Segment Open

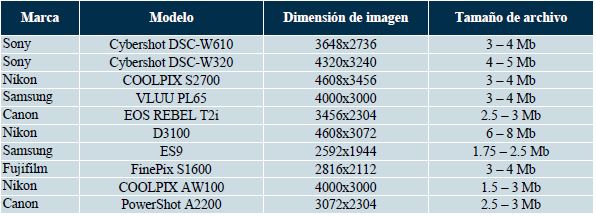 No es necesario el uso de cámaras profesionales. En el presente estudio se emplearon cámaras de calidad comercial con resoluciones entre 5 y 10 Mp (Tabla 1). Para el procesamiento se prefiere la cantidad de fotografías sobre su calidad (alta resolución) (Falkingham, 2012). La fotogrametría es un método que no registra el tamaño real de los objetos modelados, por lo que resulta imperativo el empleo de una escala fija para cada huella o sector a registrar (Breithaupt et al., 2004).
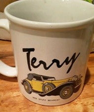 Vtg '83 Men's Coffee Mug Tea Cup Antique Stutz Bearcat Personalized "TERRY"
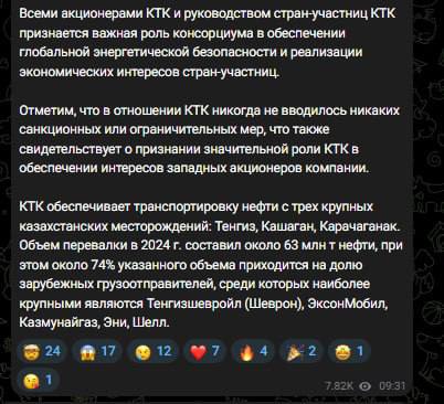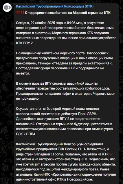 Сегодня ночью во время атаки беспилотных катеров был уничтожен причал для погрузки нефти в Новороссийске, принадлежащий Каспийскому трубопороводному консорциуму (КТК). Он обеспечивает 80% экспорта казахстанской нефти.
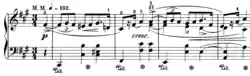 The third mazurka of the set, in E major and marked Vivace, is the only mazurka of the set in a major key and features a lively and joyful theme with accents on the third beat. The second theme alternates between chordal forte passages and lyrical ones. This quickly transitions to a third theme, which is characteristic of a kujawiak and more gentle than the previous two themes. The main theme then returns for the final time and the mazurka fades gracefully. Overall, the piece is very animated has a rhythmic drive that is quite rustic in feeling. It lasts around 2 minutes.[4]
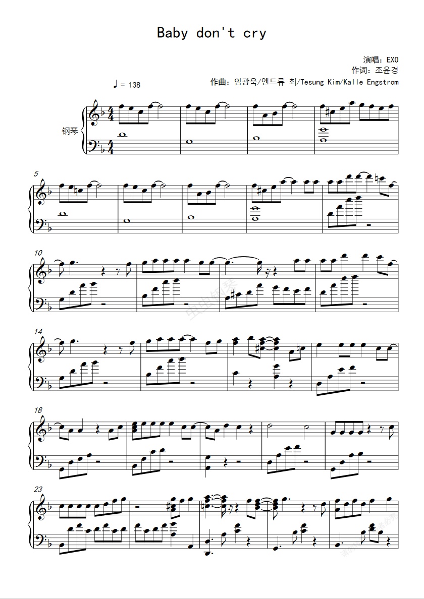 钢琴谱:Baby Don't Cry-EXO (人鱼的眼泪)超好听
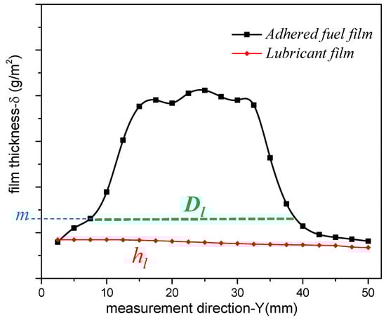 A fusion deformation of liquid film in a short time after adhering will cause a distortion in measurement results. As shown in Figure 4, we make the longitudinal section profile in the middle of the film with 20 points of film thickness that represent the three-dimensional accumulation of adhered fuel film to show the integral film thickness distribution. The entire measurement length is 50 mm in the Y-axis direction (see Figure 1b).
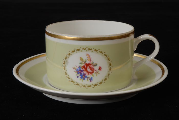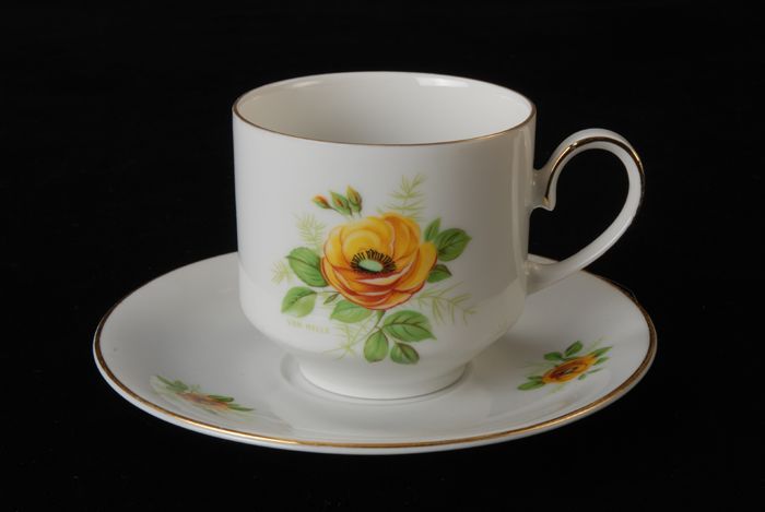 Theekop en schotel met geel theeroosmotief en groene...
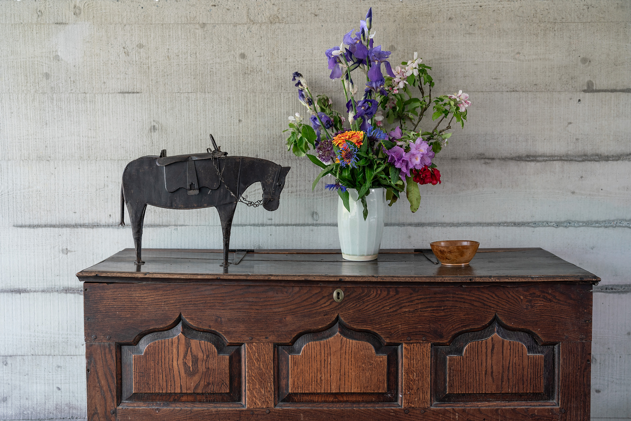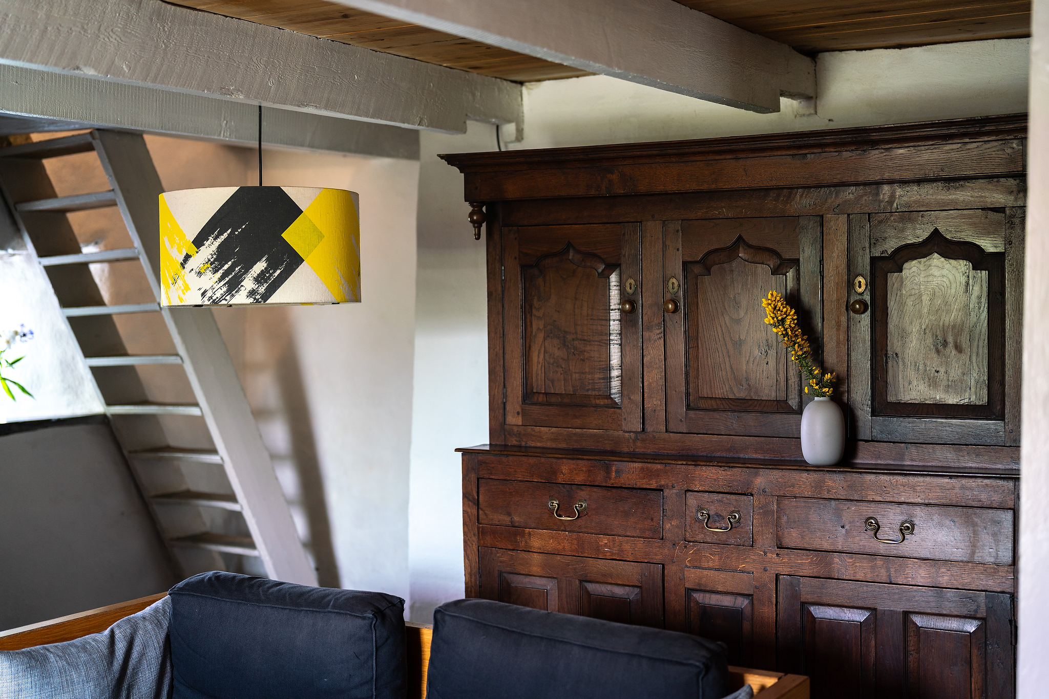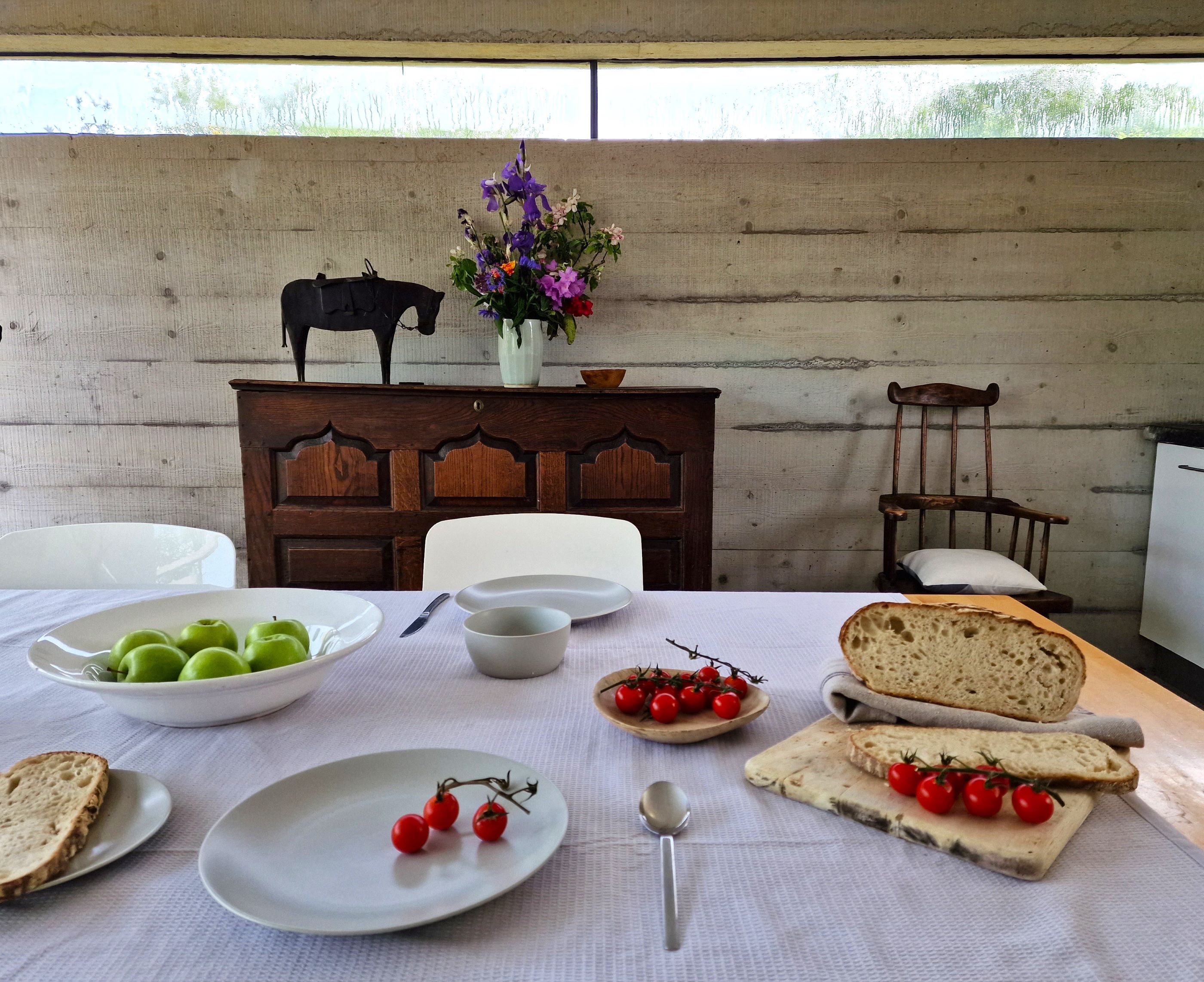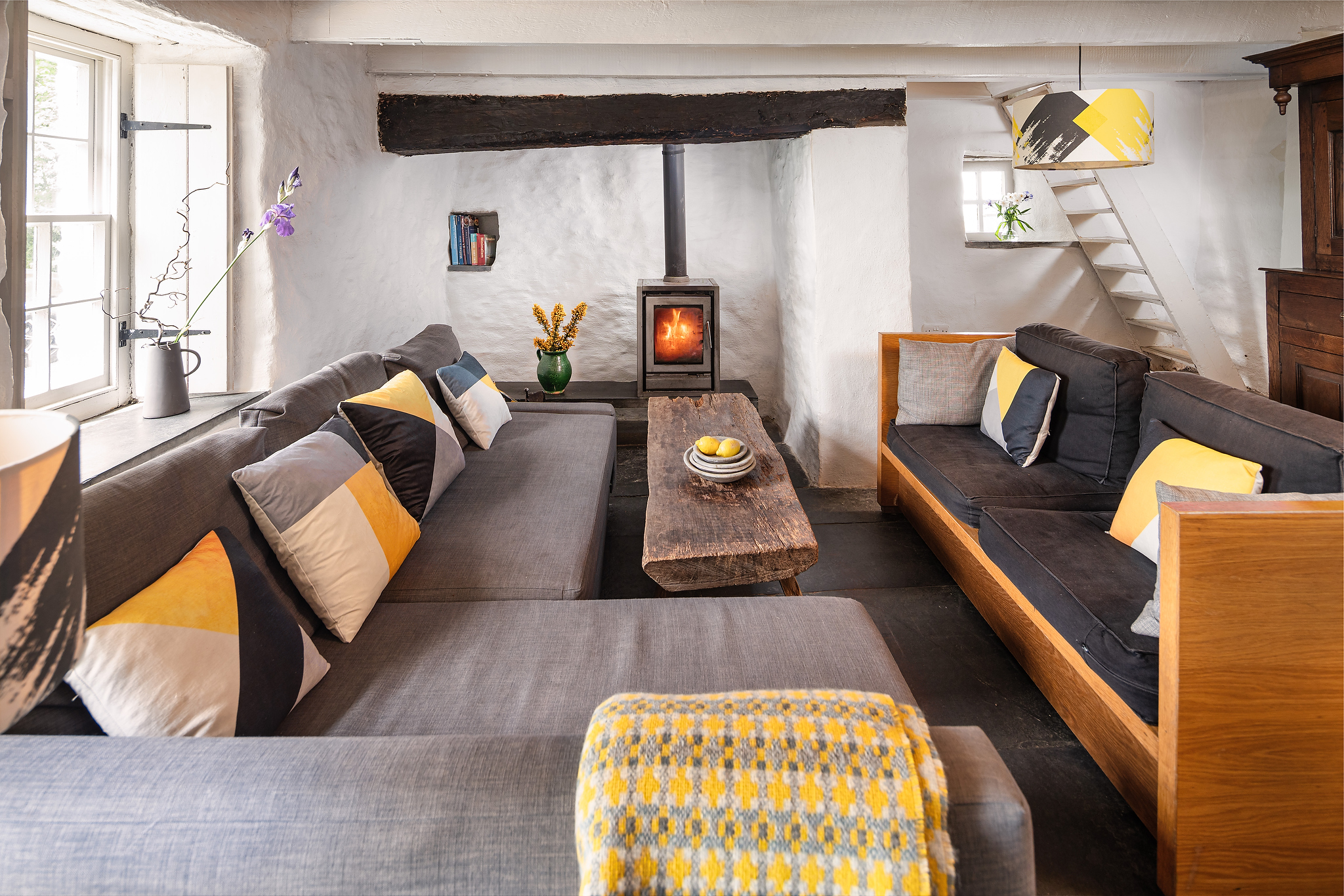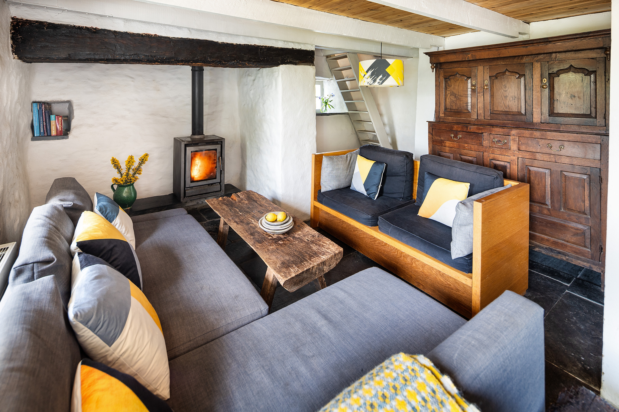 - Cegin Fawr - (up two stairs). Open plan with woodburning stove, modernist sofa (no TV), double day-bed that can be made up as groundfloor bed (standard double) on request.

Segment Closed

Omitting all pictures, set the listing down exactly.

 No es necesario el uso de cámaras profesionales. En el presente estudio se emplearon cámaras de calidad comercial con resoluciones entre 5 y 10 Mp (Tabla 1). Para el procesamiento se prefiere la cantidad de fotografías sobre su calidad (alta resolución) (Falkingham, 2012). La fotogrametría es un método que no registra el tamaño real de los objetos modelados, por lo que resulta imperativo el empleo de una escala fija para cada huella o sector a registrar (Breithaupt et al., 2004).
 Vtg '83 Men's Coffee Mug Tea Cup Antique Stutz Bearcat Personalized "TERRY"
 Сегодня ночью во время атаки беспилотных катеров был уничтожен причал для погрузки нефти в Новороссийске, принадлежащий Каспийскому трубопороводному консорциуму (КТК). Он обеспечивает 80% экспорта казахстанской нефти.
 The third mazurka of the set, in E major and marked Vivace, is the only mazurka of the set in a major key and features a lively and joyful theme with accents on the third beat. The second theme alternates between chordal forte passages and lyrical ones. This quickly transitions to a third theme, which is characteristic of a kujawiak and more gentle than the previous two themes. The main theme then returns for the final time and the mazurka fades gracefully. Overall, the piece is very animated has a rhythmic drive that is quite rustic in feeling. It lasts around 2 minutes.[4]
 钢琴谱:Baby Don't Cry-EXO (人鱼的眼泪)超好听
 A fusion deformation of liquid film in a short time after adhering will cause a distortion in measurement results. As shown in Figure 4, we make the longitudinal section profile in the middle of the film with 20 points of film thickness that represent the three-dimensional accumulation of adhered fuel film to show the integral film thickness distribution. The entire measurement length is 50 mm in the Y-axis direction (see Figure 1b).
 Theekop en schotel met geel theeroosmotief en groene...
 - Cegin Fawr - (up two stairs). Open plan with woodburning stove, modernist sofa (no TV), double day-bed that can be made up as groundfloor bed (standard double) on request.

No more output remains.